Problem to work on -> What follows is a set of entries. Repeat them exactly, but not their pictures.

====== Entries supplied ======

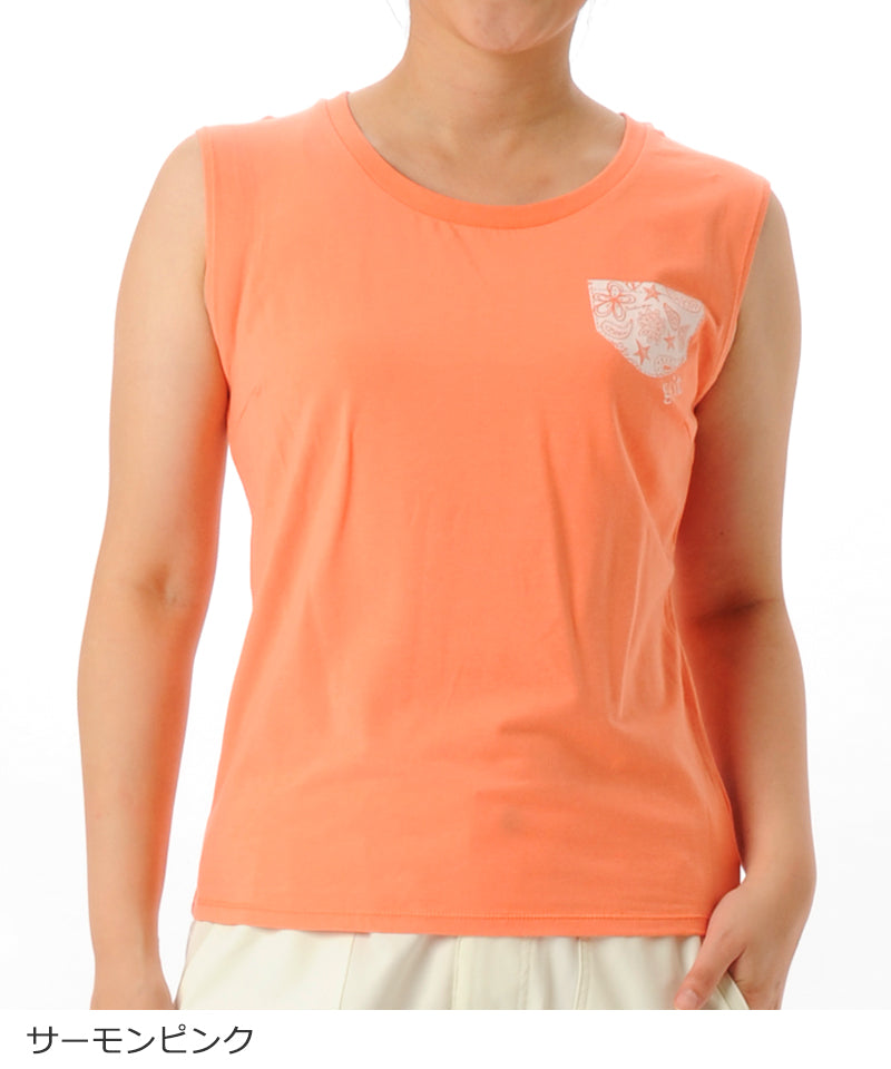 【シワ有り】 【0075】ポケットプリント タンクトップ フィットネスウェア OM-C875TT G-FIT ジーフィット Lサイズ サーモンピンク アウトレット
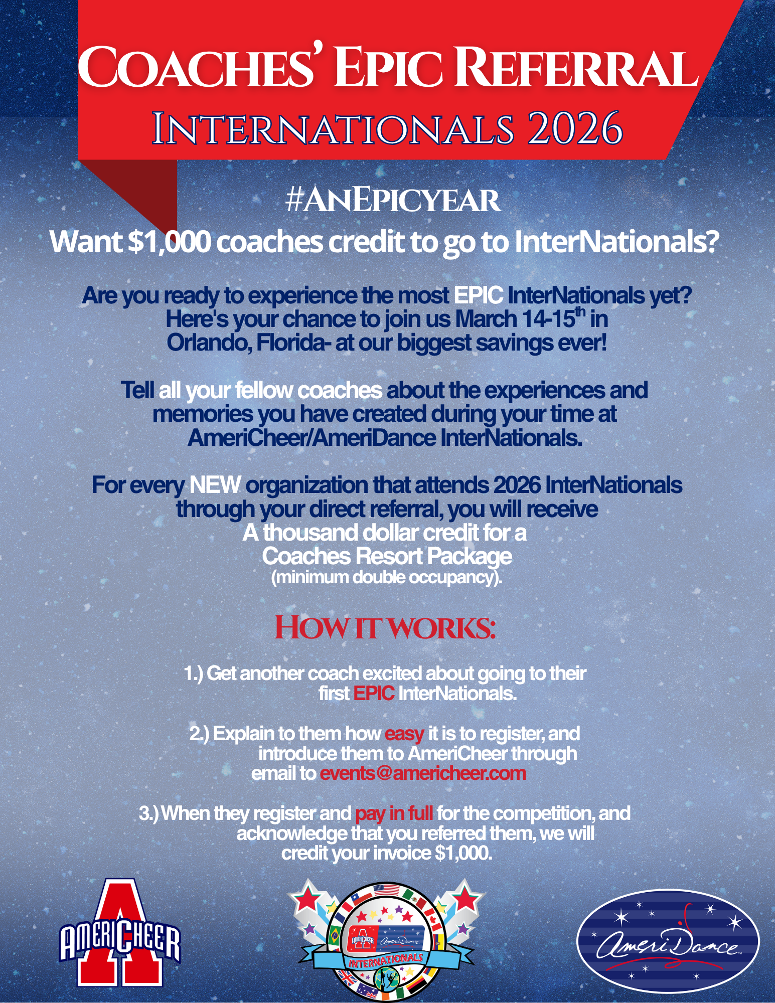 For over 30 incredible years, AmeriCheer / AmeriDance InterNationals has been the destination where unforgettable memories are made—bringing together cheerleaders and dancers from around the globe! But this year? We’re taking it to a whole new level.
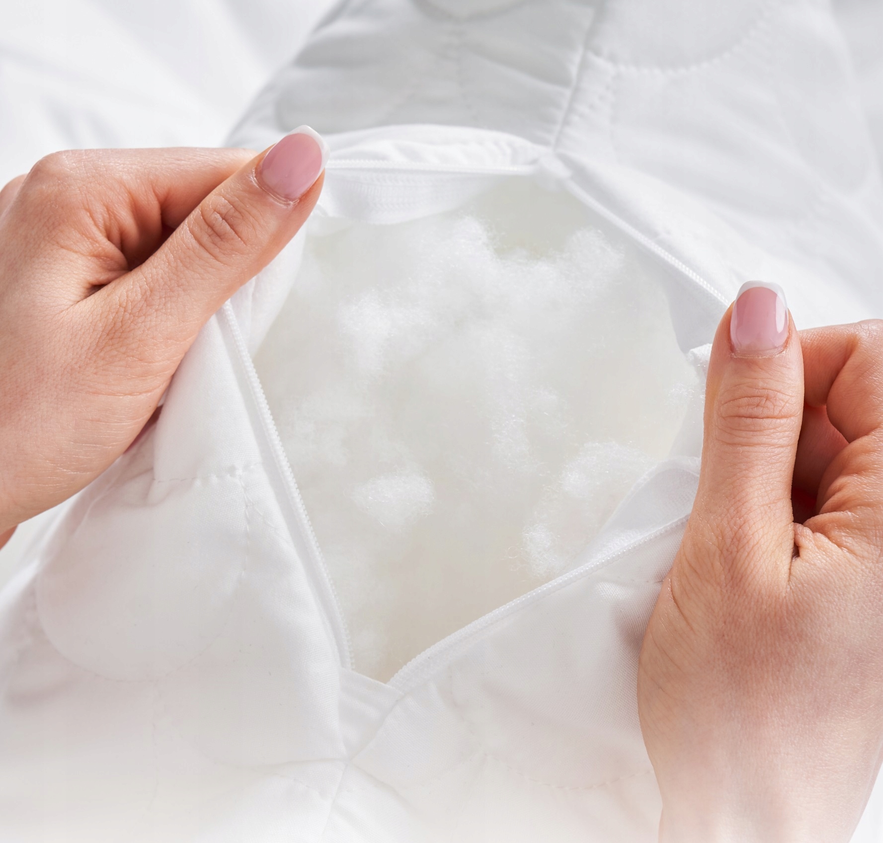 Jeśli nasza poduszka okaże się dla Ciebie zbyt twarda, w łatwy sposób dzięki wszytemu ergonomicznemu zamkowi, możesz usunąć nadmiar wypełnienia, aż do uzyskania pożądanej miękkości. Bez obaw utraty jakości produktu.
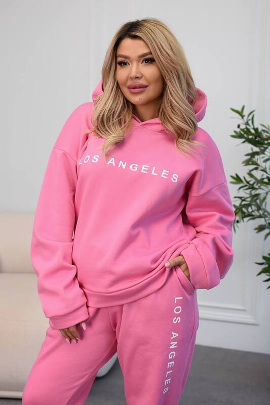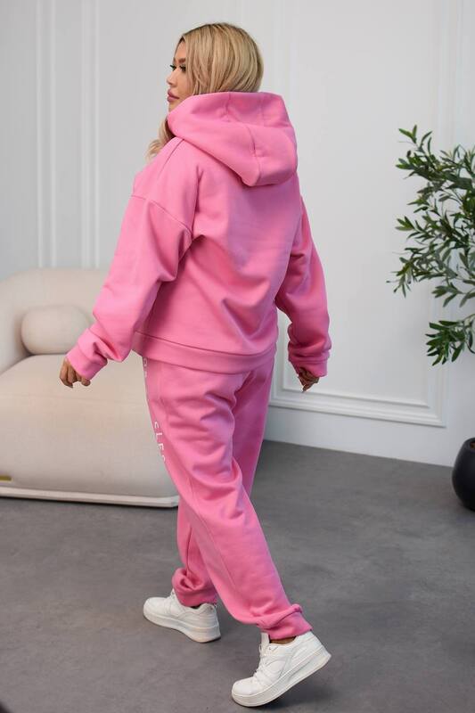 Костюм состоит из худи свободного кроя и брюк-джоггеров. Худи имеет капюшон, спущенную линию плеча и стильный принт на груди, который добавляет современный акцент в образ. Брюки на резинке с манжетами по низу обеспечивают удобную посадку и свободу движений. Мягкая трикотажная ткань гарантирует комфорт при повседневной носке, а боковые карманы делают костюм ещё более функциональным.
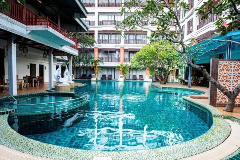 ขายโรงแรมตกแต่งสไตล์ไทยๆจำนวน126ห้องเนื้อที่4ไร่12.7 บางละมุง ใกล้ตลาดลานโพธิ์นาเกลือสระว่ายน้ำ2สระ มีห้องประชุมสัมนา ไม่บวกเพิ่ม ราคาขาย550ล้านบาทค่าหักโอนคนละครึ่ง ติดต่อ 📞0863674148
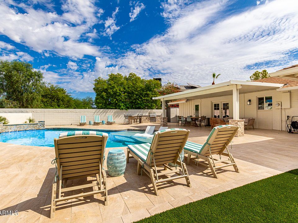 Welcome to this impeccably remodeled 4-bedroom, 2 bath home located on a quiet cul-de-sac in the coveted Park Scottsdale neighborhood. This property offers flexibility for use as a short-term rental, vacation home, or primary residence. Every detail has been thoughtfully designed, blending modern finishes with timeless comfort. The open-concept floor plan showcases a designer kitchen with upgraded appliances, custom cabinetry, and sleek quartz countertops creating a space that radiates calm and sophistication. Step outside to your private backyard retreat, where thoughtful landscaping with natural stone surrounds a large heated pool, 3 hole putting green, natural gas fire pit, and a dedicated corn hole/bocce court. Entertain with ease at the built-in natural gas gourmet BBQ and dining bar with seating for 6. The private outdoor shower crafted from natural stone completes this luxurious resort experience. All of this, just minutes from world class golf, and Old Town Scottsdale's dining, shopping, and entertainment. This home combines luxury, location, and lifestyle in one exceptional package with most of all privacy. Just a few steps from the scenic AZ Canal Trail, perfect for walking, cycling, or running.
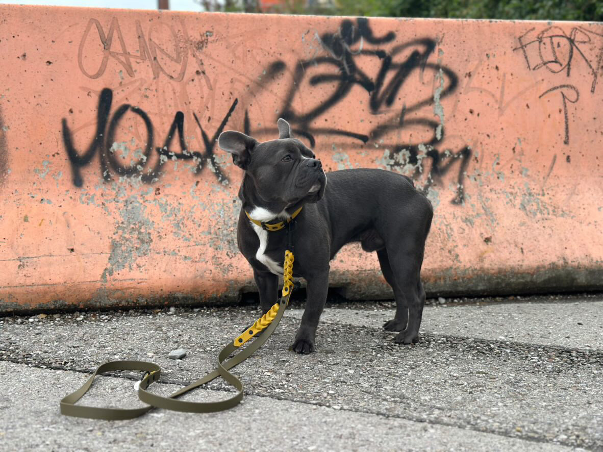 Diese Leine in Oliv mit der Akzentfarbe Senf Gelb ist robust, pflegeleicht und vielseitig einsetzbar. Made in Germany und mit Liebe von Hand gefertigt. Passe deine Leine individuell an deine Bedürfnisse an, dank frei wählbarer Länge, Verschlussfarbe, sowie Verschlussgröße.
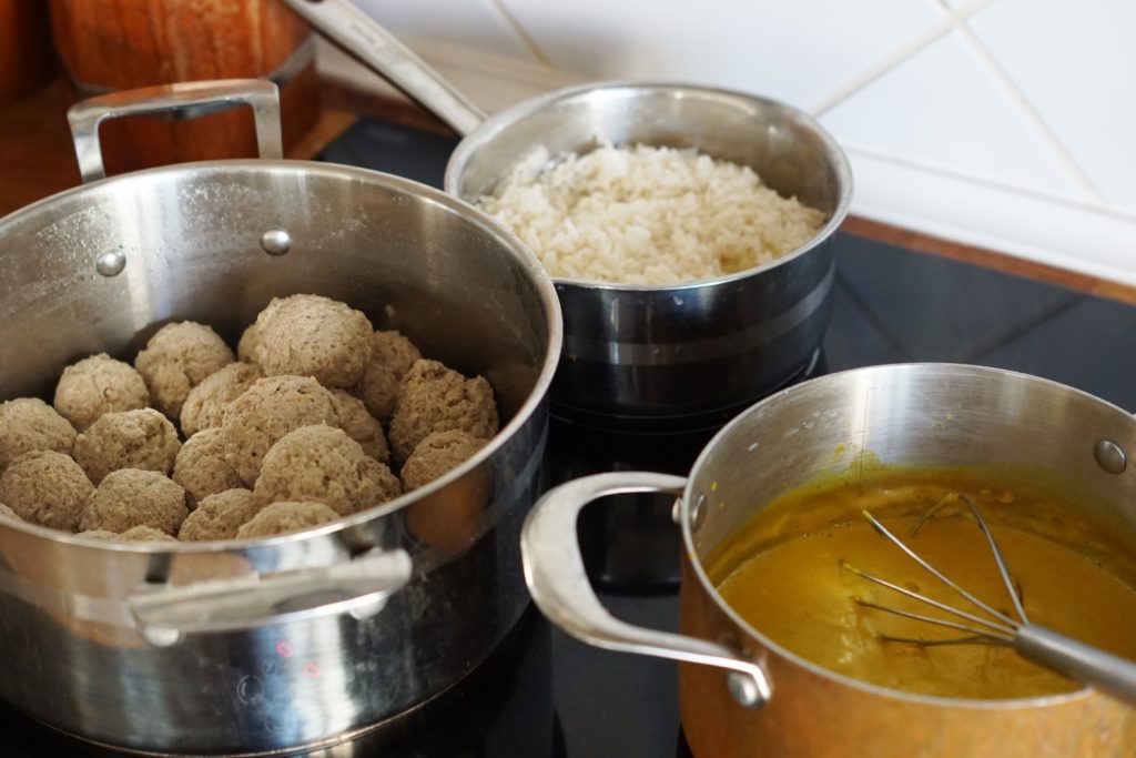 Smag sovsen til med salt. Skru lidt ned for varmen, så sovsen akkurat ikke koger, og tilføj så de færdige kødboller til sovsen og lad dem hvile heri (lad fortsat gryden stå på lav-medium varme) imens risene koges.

======

Exercise response ->
 【シワ有り】 【0075】ポケットプリント タンクトップ フィットネスウェア OM-C875TT G-FIT ジーフィット Lサイズ サーモンピンク アウトレット
 For over 30 incredible years, AmeriCheer / AmeriDance InterNationals has been the destination where unforgettable memories are made—bringing together cheerleaders and dancers from around the globe! But this year? We’re taking it to a whole new level.
 Jeśli nasza poduszka okaże się dla Ciebie zbyt twarda, w łatwy sposób dzięki wszytemu ergonomicznemu zamkowi, możesz usunąć nadmiar wypełnienia, aż do uzyskania pożądanej miękkości. Bez obaw utraty jakości produktu.
 Костюм состоит из худи свободного кроя и брюк-джоггеров. Худи имеет капюшон, спущенную линию плеча и стильный принт на груди, который добавляет современный акцент в образ. Брюки на резинке с манжетами по низу обеспечивают удобную посадку и свободу движений. Мягкая трикотажная ткань гарантирует комфорт при повседневной носке, а боковые карманы делают костюм ещё более функциональным.
 ขายโรงแรมตกแต่งสไตล์ไทยๆจำนวน126ห้องเนื้อที่4ไร่12.7 บางละมุง ใกล้ตลาดลานโพธิ์นาเกลือสระว่ายน้ำ2สระ มีห้องประชุมสัมนา ไม่บวกเพิ่ม ราคาขาย550ล้านบาทค่าหักโอนคนละครึ่ง ติดต่อ 📞0863674148
 Welcome to this impeccably remodeled 4-bedroom, 2 bath home located on a quiet cul-de-sac in the coveted Park Scottsdale neighborhood. This property offers flexibility for use as a short-term rental, vacation home, or primary residence. Every detail has been thoughtfully designed, blending modern finishes with timeless comfort. The open-concept floor plan showcases a designer kitchen with upgraded appliances, custom cabinetry, and sleek quartz countertops creating a space that radiates calm and sophistication. Step outside to your private backyard retreat, where thoughtful landscaping with natural stone surrounds a large heated pool, 3 hole putting green, natural gas fire pit, and a dedicated corn hole/bocce court. Entertain with ease at the built-in natural gas gourmet BBQ and dining bar with seating for 6. The private outdoor shower crafted from natural stone completes this luxurious resort experience. All of this, just minutes from world class golf, and Old Town Scottsdale's dining, shopping, and entertainment. This home combines luxury, location, and lifestyle in one exceptional package with most of all privacy. Just a few steps from the scenic AZ Canal Trail, perfect for walking, cycling, or running.
 Diese Leine in Oliv mit der Akzentfarbe Senf Gelb ist robust, pflegeleicht und vielseitig einsetzbar. Made in Germany und mit Liebe von Hand gefertigt. Passe deine Leine individuell an deine Bedürfnisse an, dank frei wählbarer Länge, Verschlussfarbe, sowie Verschlussgröße.
 Smag sovsen til med salt. Skru lidt ned for varmen, så sovsen akkurat ikke koger, og tilføj så de færdige kødboller til sovsen og lad dem hvile heri (lad fortsat gryden stå på lav-medium varme) imens risene koges.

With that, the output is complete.